Chapter 6. Finite State Machines

Now that we’ve become experts at writing generic servers, the time has come to master our next behavior. When prototyping systems with what eventually became Erlang, language inventors Joe Armstrong, Mike Williams, and Robert Virding were implementing a soft telephony switch allowing them to phone each other and say hello.1 Each phone accessing the switch was prototyped as a process acting as an FSM. At any one time, the function would represent the state the phone was in (on hook, off hook, dialing, ringing, etc.) and receive events associated with that state (incoming call, dial, off hook, on hook, etc.).

One of the outcomes of this prototyping activity was to ensure that Erlang became a language suited for and optimized for building nontrivial and scalable FSMs, a key component in many complex systems. Developers use FSMs to program protocol stacks, connectors, proxies, workflow systems, gaming engines, and simulations, to mention but a few examples. So it was no surprise that when OTP behaviors came along, they included generic FSMs.
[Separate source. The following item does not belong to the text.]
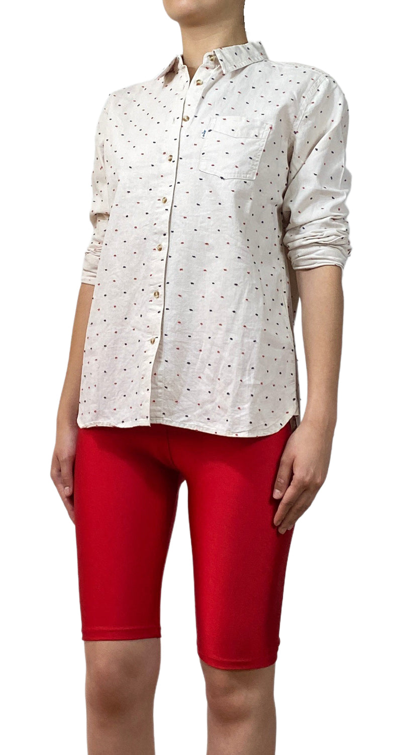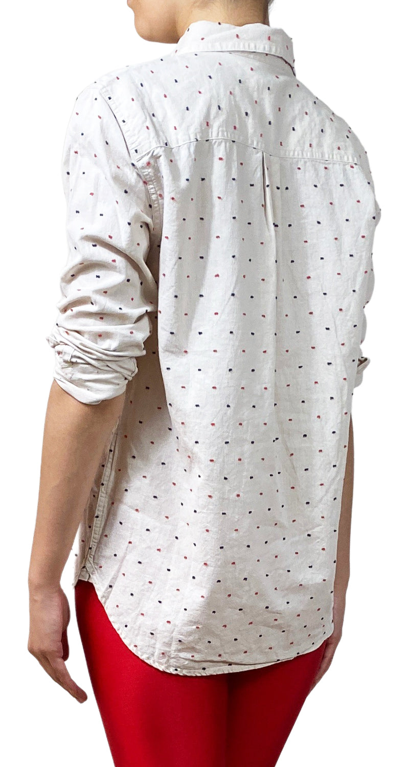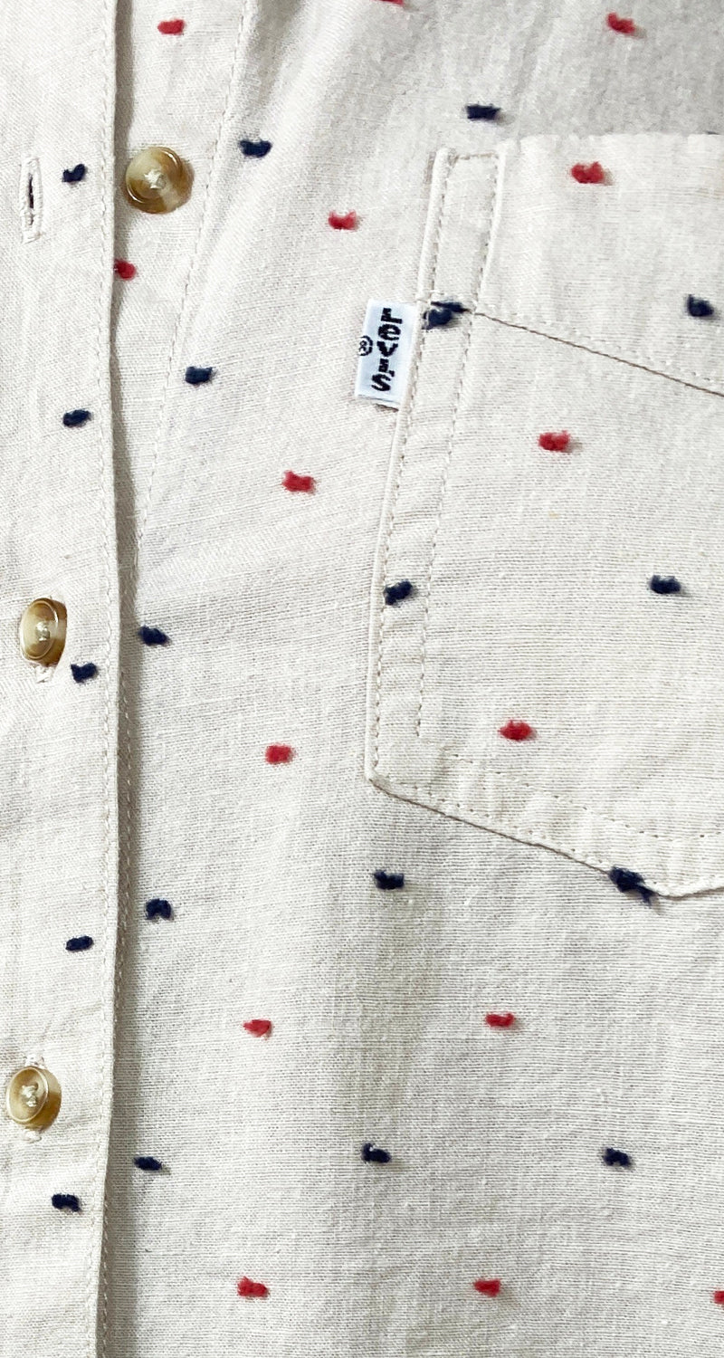 Blusa Beige con aplicación de hilos multicolor, botones en delantero y bolsillo.
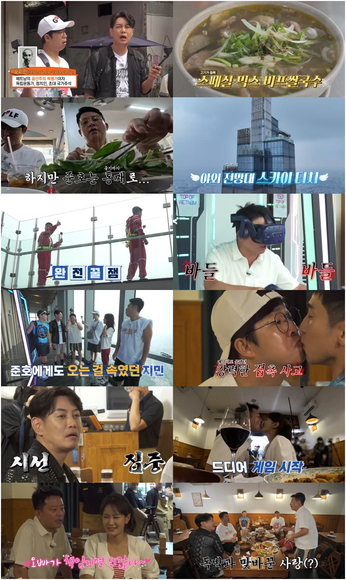 설레는 마음을 안고 베트남의 마천루에 도착한 '독박즈'는 전망대가 위치한 81층으로 올라갔다. 이곳에서 호찌민 시내 절경을 파노라마 스카이 뷰로 즐긴 '독박즈'는 감탄을 연발했고, '고소공포증'이 있는 김준호만 야외 전망대를 직접 걷는 체험을 거부한 채 홀로 VR로 가상 스카이 뷰를 체험했다. VR 헤드셋을 낀 김준호는 가상임에도 "어우, 안 돼!"라며 벌벌 떨었다. 이때 김지민과 유세윤이 몰래 등장해 김준호를 놀라게 했다. 갑자기 등장한 김지민을 보자 다리에 힘이 풀린 김준호는 털썩 주저앉은 채 "이게 무슨 일이야?"라며 '영혼 탈곡' 표정을 지었다. 김지민은 "진짜 정 떨어진다"며 겁에 질린 김준호에게 '팩폭'했고, "(김준호의) 리액션이 별로 안 좋아서 실망했다"고 토로했다. 이에 김준호는 "다시 할게!"라고 외친 뒤, 김지민을 처음 만난 것처럼 연기(?)하며 "지민아 사랑해"라고 고백했다. 나아가 다정히 포옹해 달달한 멜로 분위기를 풍겼다.

In this chapter, we introduce FSMs implemented in pure Erlang. We break an example up into generic and specific code, migrating it to the gen_fsm behavior. The good news is that all the borderline cases relating to concurrency and error handling that apply to generic servers also apply to FSMs. So while we might mention some of them, there will be no need for us to go into the same level of detail. After all, an ...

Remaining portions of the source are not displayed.